Yuri melirik kamar nomor tiga belas dengan wajah masam, seharusnya kamar itu menjadi miliknya bukan Lolita.
"Biarkan saja, teruslah berjalan," kata Alby memperingati. Sebenarnya Yuri akan ikhlas memberikan kamar tersebut pada Lolita, namun tingkah bocah perempuan itu keterlaluan. Memperdaya perasaan kasihan Yuri padanya padahal itu hanya akal-akalan Lolita demi mendapatkan kamar dengan pemandangan indah di luar jendela.
Setelah mereka sampai di depan kamar Yuri, Alby melambaikan tangannya pada Yuri. Mereka berpisah di sini karena di asrama Hankey Pankey satu orang memiliki kamar masing-masing, rencananya Profesor Pilius akan menambah kamar asrama jika sekolah tersebut berjalan lancar.
Sesampainya di kamar, Yuri melihat tempat tidur empuk seperti di rumahnya sendiri. Ia merasa bahwa akan betah di asrama ini, bahkan asrama Hankey Pankey hanya menagih uang makan pada orang tua mereka dan tidak menerima bayaran apa pun selain sumbangan makanan.
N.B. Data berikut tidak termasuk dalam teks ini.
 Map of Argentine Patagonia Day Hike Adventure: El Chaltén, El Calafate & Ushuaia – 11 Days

Namun, baru saja Yuri menutup matanya ia mendengar suara keras yang berasal dari kamar di sebelahnya yaitu kamar nomor tiga belas. Yuri berdiri dan merasa penasaran dengan apa yang terjadi.
"Dari kamar nomor tiga belas? Bocah itu melakukan apalagi sampai menimbulkan bunyi keras seperti itu?" tanya Yuri yang merasa heran mengapa Lolita bisa ia ajak ke asrama ini karena bocah perempuan itu hanya bisa rusuh di asrama tersebut.
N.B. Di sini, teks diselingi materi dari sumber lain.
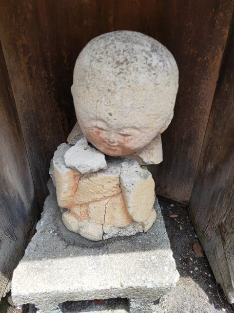 近づいてみると、お地蔵さんはバラバラになったものを、積み上げてある状態。上記のブログでは、JR天満駅からの写真で、お地蔵さんの石像も無事な状態に見える。

Bahkan Yuri yakin bahwa Lolita selalu menyusahkan semua keluarganya sampai ia dikirim ke asrama agar keluarganya bisa lebih waras karena Lolita sudah tak ada lagi di rumah mereka.
Dengan langkah pelan, Yuri menyusuri lorong asrama yang sudah gelap. Sudah lumayan larut dan di asrama tidak memperbolehkan anak-anak tidur di atas pukul sembilan. Profesor PIlius akan mengamuk jika mereka tidak menaati peraturan tersebut.
Yuri merasa takut juga karena jika ia ketahuan oleh Profesor Pilius sudah pasti ia akan dihukum keluar di jam malam seperti ini apalagi keluar tanpa alasan.
Bocah laki-laki itu mengendap-endap sampai ke depan pintu kamar nomor tiga belas alias kamar di mana Lolita berada.